Рядом с высоким и сильным Глебом Андреевичем он, сухонький и тщедушный, казался ещё ниже ростом.
«На кого он похож? На кого?» — напряженно думал дядя Проня.
— И ещё одно, — вмешался Глеб Андреевич. — У нас в цирке есть нерушимое правило: начав номер, артист обязан его непременно довести до конца.
Дядя Проня молчал. В гардеробную заглянул шпрех:
— Как себя чувствуешь?
— Все в порядке! Все в порядке! — поспешно ответил Али-Иидус.
«Вот на кого он похож… На гнома!»
— Даю третий звонок, — неуверенно сказал шпрех и посмотрел на артиста.
Дядя Проня молчал: как решат, так и будет. Шпрех скрылся.
— Заявляю категорически! Я снимаю с себя всякую ответственность! Я не могу быть соучастником преступления! — сказал доктор, резко повернулся и вышел из комнаты.
Раздался третий звонок.
Артист медленно поднялся с ящика, сбросил халат на табуретку, подошел к гримировальному столику и пристально глянул в треснувшее мутное зеркало. Оттуда на него смотрел незнакомый человек с синими кругами под глазами.
Дядя Проня ткнул заячьей лапкой в пудру, хотел было провести ею по лицу, но раздумал и бросил назад в пудреницу. Коробочка перевернулась. Пудра рассыпалась по столику.
— Скорее, Вонави, слышишь, как хлопают, — заискивающе сказал Али-Индус, — мы, наверное, один взнос за удава с тебя снимем, раз отработаешь сегодня. Как думаешь, Глеб Андреевич?
— Если хорошо отработает, пожалуй, можно только последний взнос оставить, — согласился Глеб Андреевич.
Дядя Проня глянул на директора и Глеба Андреевича так, что им стало не по себе.
— Повидлы вы оба… дешевые… — сказал он и вышел из гардеробной.
У занавеса стояли Сандро, Нонна, дядя Донат, лилипуты.

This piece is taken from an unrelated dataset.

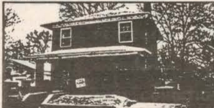
HUGE ALL BRICK HOME: Four bedrooms, 1.5 baths, rec-room, fireplace, cent. a/c. and large added on family room. Great price at $119,500. Vacant move in 35 days. 345-2151.

— Ну, я пошел, ребята. Не волнуйтесь. Самое страшное позади. Теперь остались одни семечки…
И, действительно, любо-дорого было смотреть, как легко он работал с гирями и штангами. Последнюю, самую маленькую, бронзовую, закрутил вокруг руки так быстро, что она превратилась в сплошной золотой круг. Её даже трудно было остановить, и дядя Проня чуть не упал, но удержал штангу и эффектно ударил ею об опилки.
— Ну, кто был прав? С кого причитается? — спросил Ромкин отец.
Иван Пантелеймонович засопел и отвернулся. Манечка нервно теребила жемчужные бусы.
— По желанию большинства зрителей Вонави согнет на себе трамвайный рельс! — громко и торжественно объявил шпрех. — Для исполнения этого трюка попрошу на манеж двадцать человек.
Дядя Проня медленно обтирался махровым полотенцем. В цирке было жарко, и от его скользкого, словно смазанного жцром, могучего тела валил пар. Тяжело дыша, атлет разглядывал зрителей, перелезающих со всех сторон через барьер. «Как шакалы!» — подумал он.